Some of us have been waiting for “the day,” and thought we saw its dawning through the world of Underground. Some of us can’t stand the idea that we might not be there yet. And some of us wonder how much longer we’ll have to sit through those familiar scenes of the “sweet and docile” negroes whom white America (and white critics and Academy voters) seem to hold so dear.

And so, at the risk of being labeled dramatic (as we critics often are), I do not believe a film like Mudbound should exist in the same time that Underground exists. Underground is a work that filled me with hope—hope that other Blacks were done with the kind of respectability that seemed to plague so many other narratives of enslaved or powerless Black people. But Mudbound—and its success—is a painful reminder that there is a particular kind of hope Black people are allowed to experience, and it’s very much tied to white people and their behavior towards us (good, evil and beyond). Mudbound disappoints because it centers and celebrates a white woman (Carey Mulligan’s Laura) over a black character (Mary J. Blige’s Florence), falsely presented as her co-star. Mudbound disappoints because it tells us a familiar, tired tale of black people bending to the will of whites, that they might live to see another day—only in this film, the light at the end of the tunnel is a private farm for the Jackson family, for the eldest son Ronsel (Jason Mitchell) a white woman in Europe. I’ll admit that the land is a win, but the fact that the Jacksons are still being assaulted by the McAllans even as they make their way to that land (the patriarch is forced to stop his wagon and help the white men bury their father—who had literally cut out their son’s tongue days before), is another way of insisting that the trauma of Blackness is endless, that the suffering doesn’t quit and isn’t that what makes us so special? These are dangerous times to continue insisting that Black suffering is eternal … and admirable.

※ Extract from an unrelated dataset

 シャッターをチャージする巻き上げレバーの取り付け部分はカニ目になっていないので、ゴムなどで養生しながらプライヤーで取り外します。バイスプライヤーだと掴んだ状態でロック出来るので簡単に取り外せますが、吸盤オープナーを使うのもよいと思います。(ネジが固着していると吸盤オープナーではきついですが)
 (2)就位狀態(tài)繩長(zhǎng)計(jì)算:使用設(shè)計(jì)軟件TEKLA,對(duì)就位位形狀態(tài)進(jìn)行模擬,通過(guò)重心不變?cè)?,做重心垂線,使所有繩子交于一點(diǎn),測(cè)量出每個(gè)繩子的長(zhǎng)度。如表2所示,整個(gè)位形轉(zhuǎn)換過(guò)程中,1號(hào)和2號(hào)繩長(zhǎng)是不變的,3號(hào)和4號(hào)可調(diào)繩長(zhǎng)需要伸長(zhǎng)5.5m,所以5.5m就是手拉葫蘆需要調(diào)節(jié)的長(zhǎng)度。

No matter how you look at it, in Mudbound, a white family attempts to destroy a Black family in a way that wants to read as inspiring, or fascinating or at least very complicated … but is actually quite horrific. So when Henry (Jason Clarke) demands that Hap (Rob Morgan) climb down from his wagon and help bury his father, it’s a reminder that no black person in America needs: we have had to do unthinkable things to survive. We have had to exercise unspeakable control in the face of terrorists. And perhaps I wouldn’t mind the reminder as much were it not for the knowledge that these are the stories white audiences love to champion. It’s no surprise to me that a show that dared feature the beating of a white man and the lynching of another (Glory be, this was only in Season One!) was canceled.

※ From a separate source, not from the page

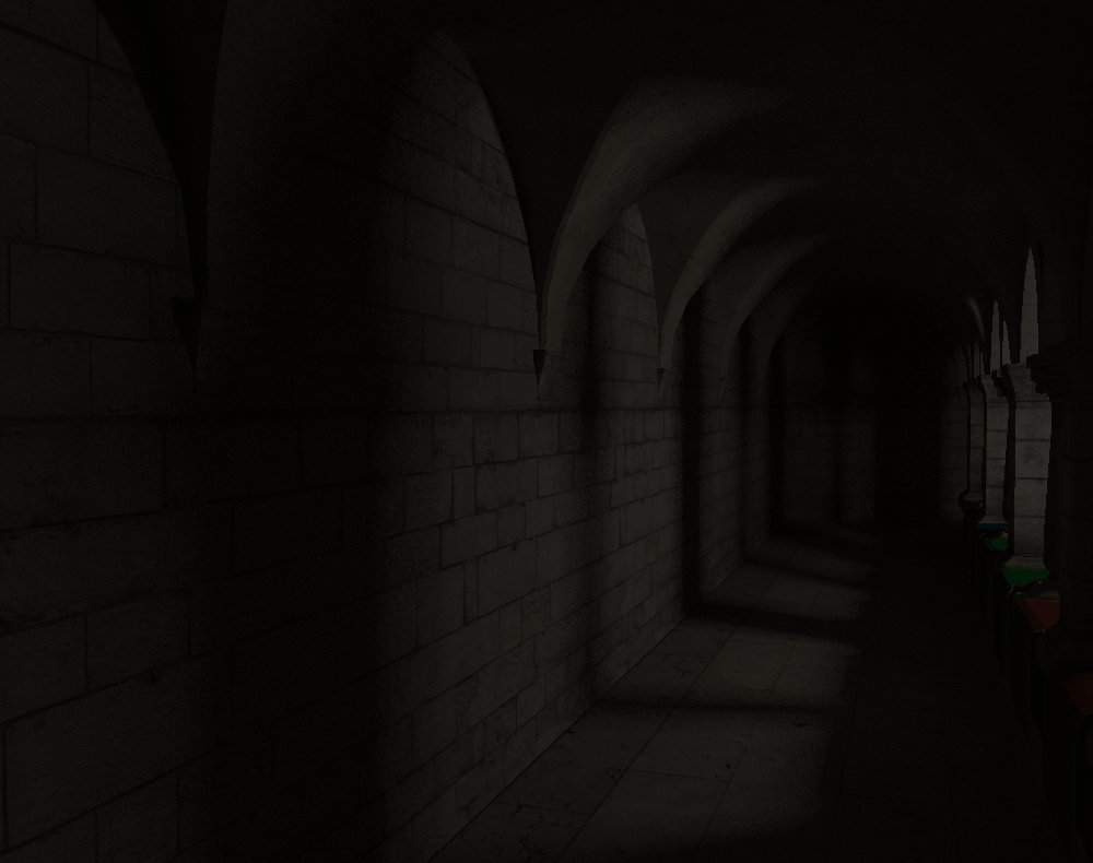建立加速结构并以光线查询 (RayQuery / inline RayTracing) 在片元着色器中查询遮挡或交点辐照度,对每像素在世界空间中以随机采样的方式做辐照度的半球积分,并根据启发式方法做空间滤波和时域积累以实现可接受的降噪效果。
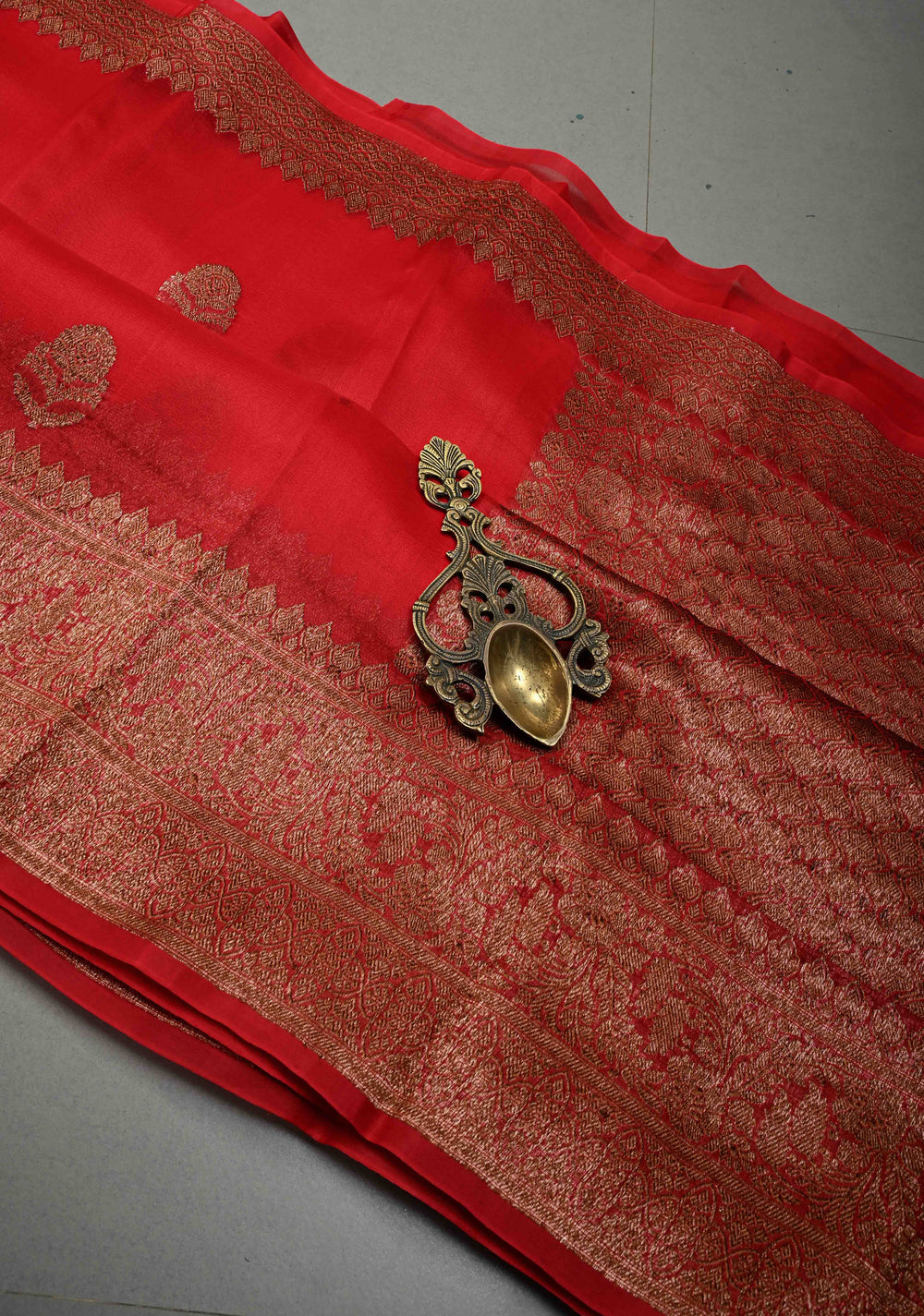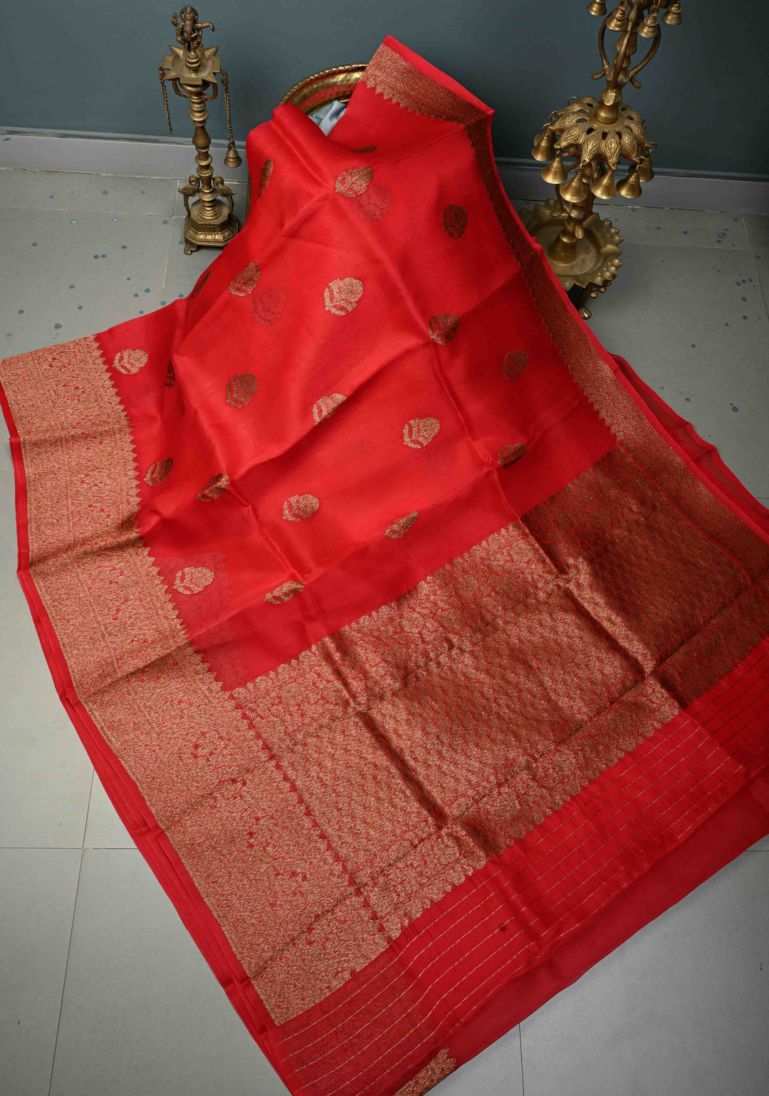 Blood Red Pure Banarasi Kora Silk Saree with Floral Antique Zari Buttas and Zari Border| SILK MARK CERTIFIED | Shobitam

While Underground felt like the perfect story to come along during the Baltimore Riots, Mudbound feels like a warning to Black people to stay peaceful and keep their heads bowed—after all, it’s the only way we’ve ever survived. I cannot celebrate a message like that in the year 2017. I write these words three years to the day when Tamir Rice’s mother learned that her child was murdered by the police state that is America. We have enough stories celebrating calm in the face of brutality. Yes, I know that it’s important to honor those men and women who swallowed pride and sacrificed so much more to save our foremothers and forefathers, but when stories like Mudbound are always the only ones being exalted, we must be suspicious. And post-Underground, we must ask our black creatives to ask themselves if there’s a more powerful, newer message they might send to black audiences.

Of Facile Friendships…
The argument will be made that Mudbound is a story about friendship in the face of humanity’s worst. I initially bought into the friendship between Ronsel and Garrett Hedlund’s Jamie (indeed it made for some of the film’s strongest moments), and I understand that we were meant to champion their friendship. After all, it was a friendship Jamie was willing to kill his own blood for, although it’s important to remember that Jamie already hated his father, and was likely already close to committing patricide when the attack on Ronsel happened. And so, in spite of attempting to celebrate a friendship, Mudbound really succeeds in doing the opposite. Ronsel’s friendship with a white man cost him his tongue—his actual voice—and resulted in a night of trauma he and his family will never forget. His white friend? No such sacrifice was made, as far as I could tell.

And what about the friendship between Laura and Florence? I, too, was taken with Laura’s decision to defy her husband in an attempt to save Florence’s husband Hap (and was taken with strong performances from both Mulligan and Blige), but any connection they might have had was always colored by the fact that one worked for the other. Didn’t we learn from Driving Miss Daisy that such friendships are never true friendships? And that portraits of such friendships are difficult to celebrate, because there is a (white) power dynamic that troubles a love or fondness that might otherwise exist?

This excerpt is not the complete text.